- _Given entries_:
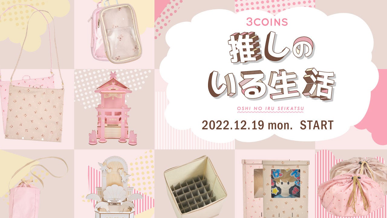 あなたの“ちょっと幸せ”をお手伝いする雑貨ブランド「3COINS」(スリーコインズ)は、推し活をより楽しむための「推しのいる生活」グッズを、2022年12月19日(月)より販売開始します。
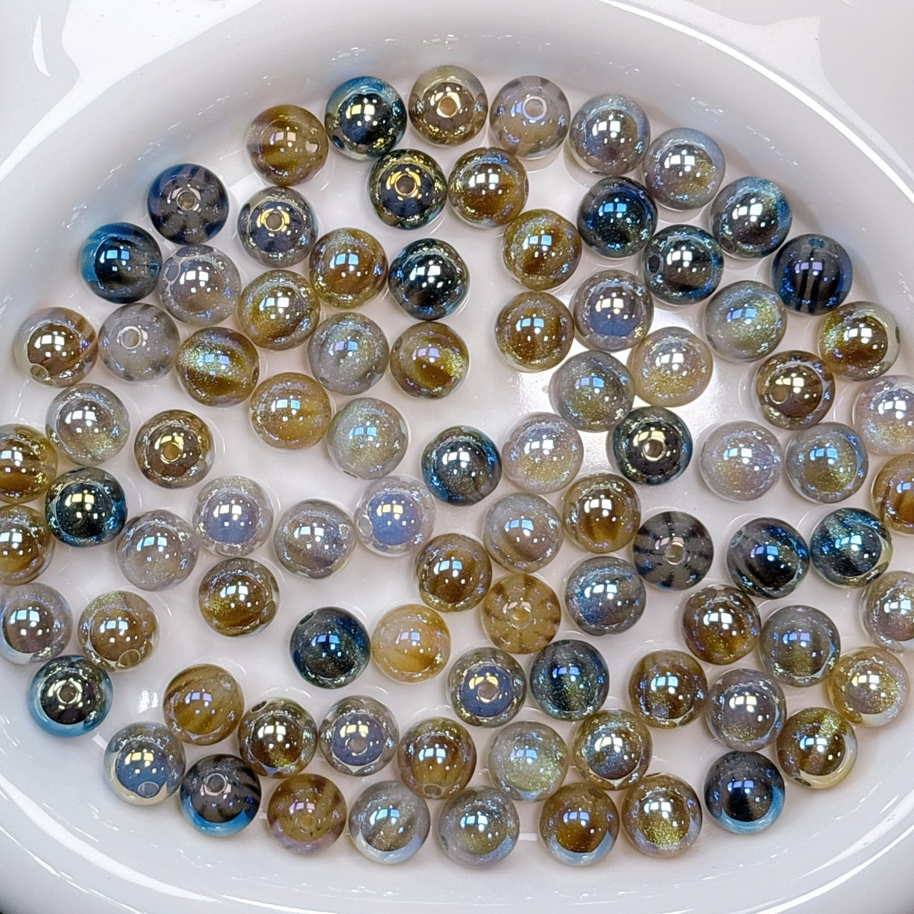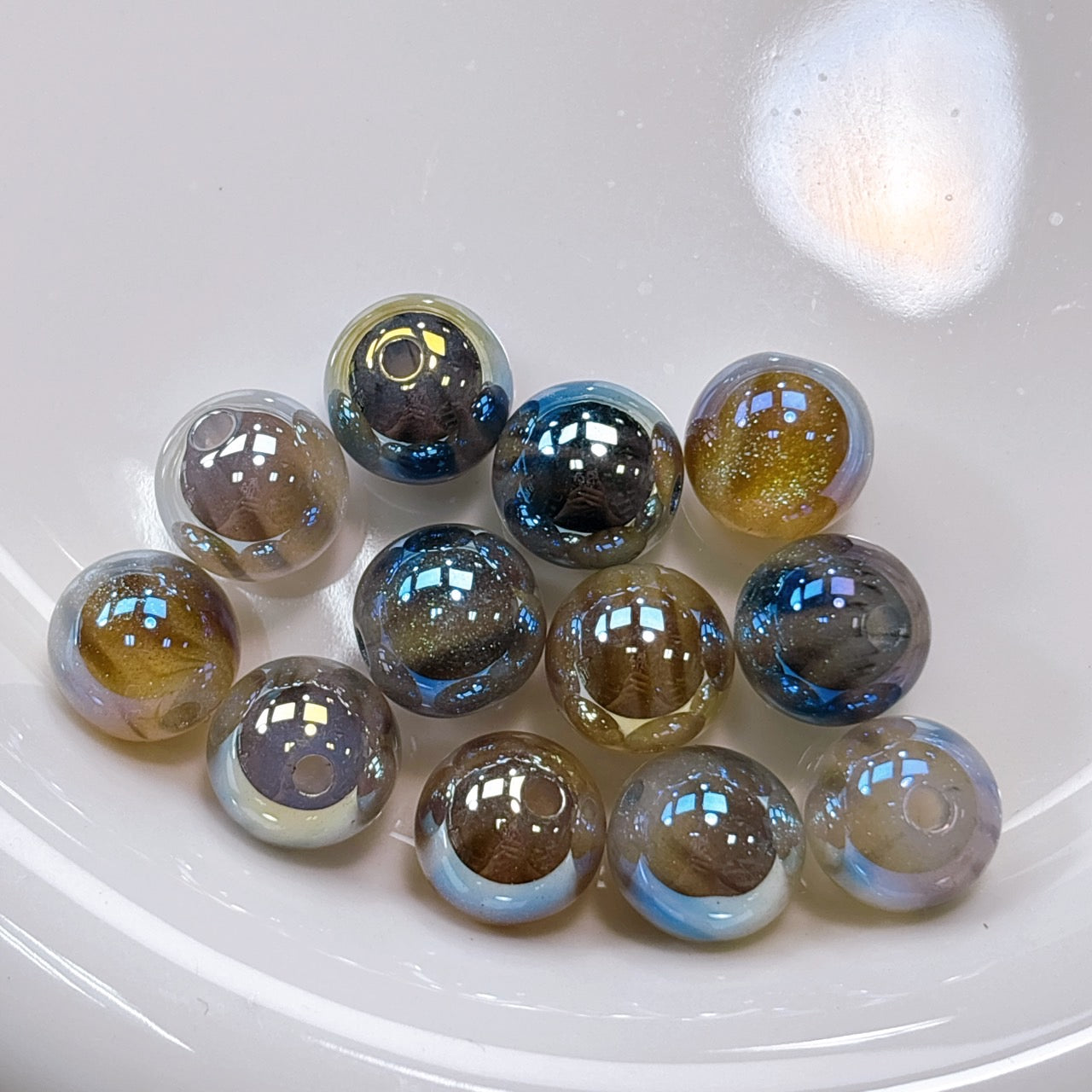 稀にビーズ穴付近が少し平なものが含まれます。
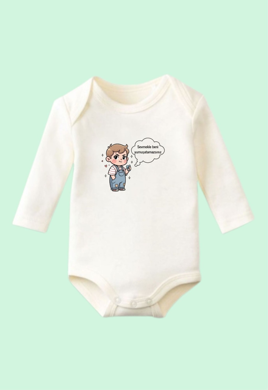 Unisex Bebek Beyaz Body Sert Çocuk Tasarımlı Uzun Kollu Body Pamuklu Beyaz
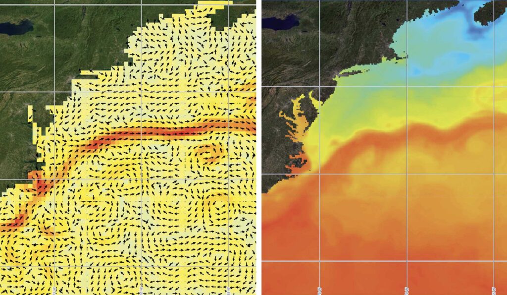 The Gulf Stream’s local patterns are constantly evolving; every crossing or ride will be different. Our best tools for predicting the flow are based on extrapolating observations. Satellites capture water surface temperatures and altimetry.
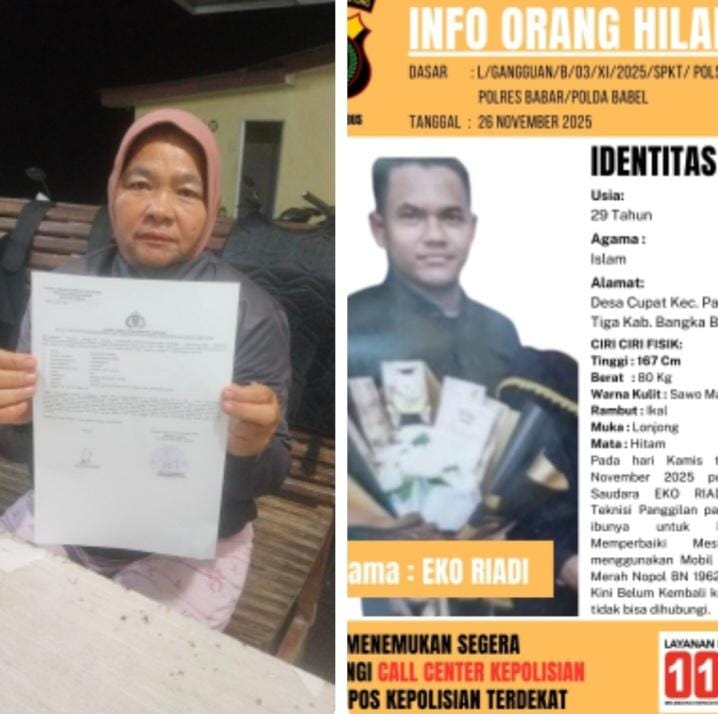 Jebus Mentari Khatulistiwa.co.id 30 Nopember 2025 – Harapan besar disampaikan keluarga Eko Riadi, warga Desa Cupat Kecamatan Jebus, yang sejak 20 November 2025 belum kembali ke rumah dan dinyatakan hilang. Keluarga korban, yang tinggal di kawasan Groban, mengungkapkan rasa cemas sekaligus berharap penuh agar Eko segera ditemukan dalam keadaan selamat.

- _What you are asked to do_: Write the material out again exactly. Do not include the pictures.

- _Answer_:
 あなたの“ちょっと幸せ”をお手伝いする雑貨ブランド「3COINS」(スリーコインズ)は、推し活をより楽しむための「推しのいる生活」グッズを、2022年12月19日(月)より販売開始します。
 稀にビーズ穴付近が少し平なものが含まれます。
 Unisex Bebek Beyaz Body Sert Çocuk Tasarımlı Uzun Kollu Body Pamuklu Beyaz
 The Gulf Stream’s local patterns are constantly evolving; every crossing or ride will be different. Our best tools for predicting the flow are based on extrapolating observations. Satellites capture water surface temperatures and altimetry.
 Jebus Mentari Khatulistiwa.co.id 30 Nopember 2025 – Harapan besar disampaikan keluarga Eko Riadi, warga Desa Cupat Kecamatan Jebus, yang sejak 20 November 2025 belum kembali ke rumah dan dinyatakan hilang. Keluarga korban, yang tinggal di kawasan Groban, mengungkapkan rasa cemas sekaligus berharap penuh agar Eko segera ditemukan dalam keadaan selamat.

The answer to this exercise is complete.